Chapter 15
Hints for Car Owners, etc.
Some of the statements of the agents or importers cannot always be substantiated. The actual power of the engine may be exaggerated, or the incline the car has ascended under favourable circumstances of road and weather is given as showing its hill-climbing powers, but it by no means follows that in bad weather such an incline can he ascended at anything approaching the same speed or with a full load of passengers. These exaggerations do harm to the cause. A man living in a hilly district might buy a car which in dry summer weather would take the hills very well, but in winter the car might fail to climb the hills. The power required to drive a car through muddy soft roads is sometimes two or three times what is required on dry smooth roads. Most cyclists are well aware of this.
The writer thinks that the purchaser of a foreign car should have some definite assurance from the agent that he stocks spare parts. He has known more than once a French car being laid by for a fortnight until spare parts were obtained from Paris. Before buying his car he should ascertain that the agent will send spare parts at once on receipt of letter or telegram. Some agents at one time, and possibly there are some still, who will not send a spare part costing only a few shillings until they receive the cash. Such agents should be avoided. With the French voiturettes the difficulty of repairs on the road must be faced sooner or later. As these cars get older the chances are that breakdowns will sometimes take place, especially as some of the cars are often driven as fast as they will go.

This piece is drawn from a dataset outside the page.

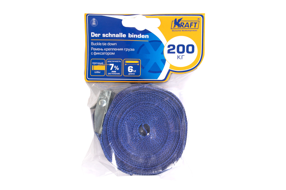 KT800201 KRAFT Стяжка крепления груза 0.2т 6м-25мм (полиэстер) с фиксатором KRAFT

The car owner should consider what he should do in case of certain breakdowns, and how temporary repairs can be effected on the road. He should always carry some spare parts, although he may grudge the extra weight and space required, but when a breakdown does happen he will have the satisfaction of not being stranded on the road. A clip or pair of clips to fish a broken spring should always find a place in the toolbox.
The writer thinks that the accessibility of the Benz engine and the absence of spur gear are great advantages. A chain or a belt can easily be replaced, but a couple of teeth stripped from a spur wheel is a serious matter, and cannot be very well mended on the road.
The car owner, if living in the country far from an engineer’s or cycle repairing shop, should have some tools, and learn how to use them. A strong vice, files, and chisels for metal work, drills, a set of Whitworth screwing taps for 1/4in., 5/16in., 3/8in., and 1/2in., and possibly some small gas thread stocks and dies, will often render him independent of the repairer; a small portable forge and a light lathe with back gear and slide rest may be added. It is very vexing to have to confess to a friend who calls and would like a car ride that the car cannot be taken out, as a stud or bolt has broken - a small repair that might be effected in an hour if the proper tools are at hand to do it. To a car owner living in a town close to a repairing shop the home workshop is not so absolutely necessary, but as those people who do, and will, derive most benefit from cars are those living in the country, perhaps four or five miles from a town or railway, it is important that repairs should be quickly effected; besides it sometimes happens that the repairer may be working, or all his men may be working, on a breakdown job, and the unfortunate car owner has to wait.
In the Benz car the cylinder cover or cylinder head, as it is sometimes called, not only closes the cylinder, but the water jacket around the cylinder. This is a bad arrangement; the water after a time soaks through the asbestos card with which the joint is made, and finds its way into the cylinder, and stops the car. To obviate this, a very thin sheet of copper cut to the size of the asbestos ring is placed between the cylinder and the asbestos. This prevents the water from saturating the latter.
The writer has used stout tinfoil successfully as a substitute for the copper, but it is, of course, more easily damaged, and may contain extremely fine holes which would not be noticed. Leadfoil, which forms the lining of tea boxes, has been used.
One or two spare asbestos rings for the cylinder cover should always be carried, and the same may be said of the gland shaped packing for the igniter. These asbestos rings should be carried in a portfolio of stout millboard. If they are simply placed loose in the toolbox they will be bent and broken, and when required will be found not fit to use.
A spare igniter, or perhaps two, should be carried. It does not take long to unscrew the two nuts which hold the igniter in its place on the cylinder and replace with a spare one, but to repack a porcelain tube when on a journey would be very tedious work.
The ignition points on the sparking plug should be about 1/16in. apart; not more.
If the car has not been used for a month or more it is best to get it ready for work some time before it is actually wanted. Many small things may have occurred to prevent it working properly.
Accumulators may have run down; coil may require readjustment; the air gas inlet valve may have stuck, or move sluggishly; the float and valve which admits petrol to carburetter may not act properly.
It is extremely annoying, especially if a friend be coming to see the car, to find it obstinately refuse to work. This need never be if care and forethought be used in looking after it.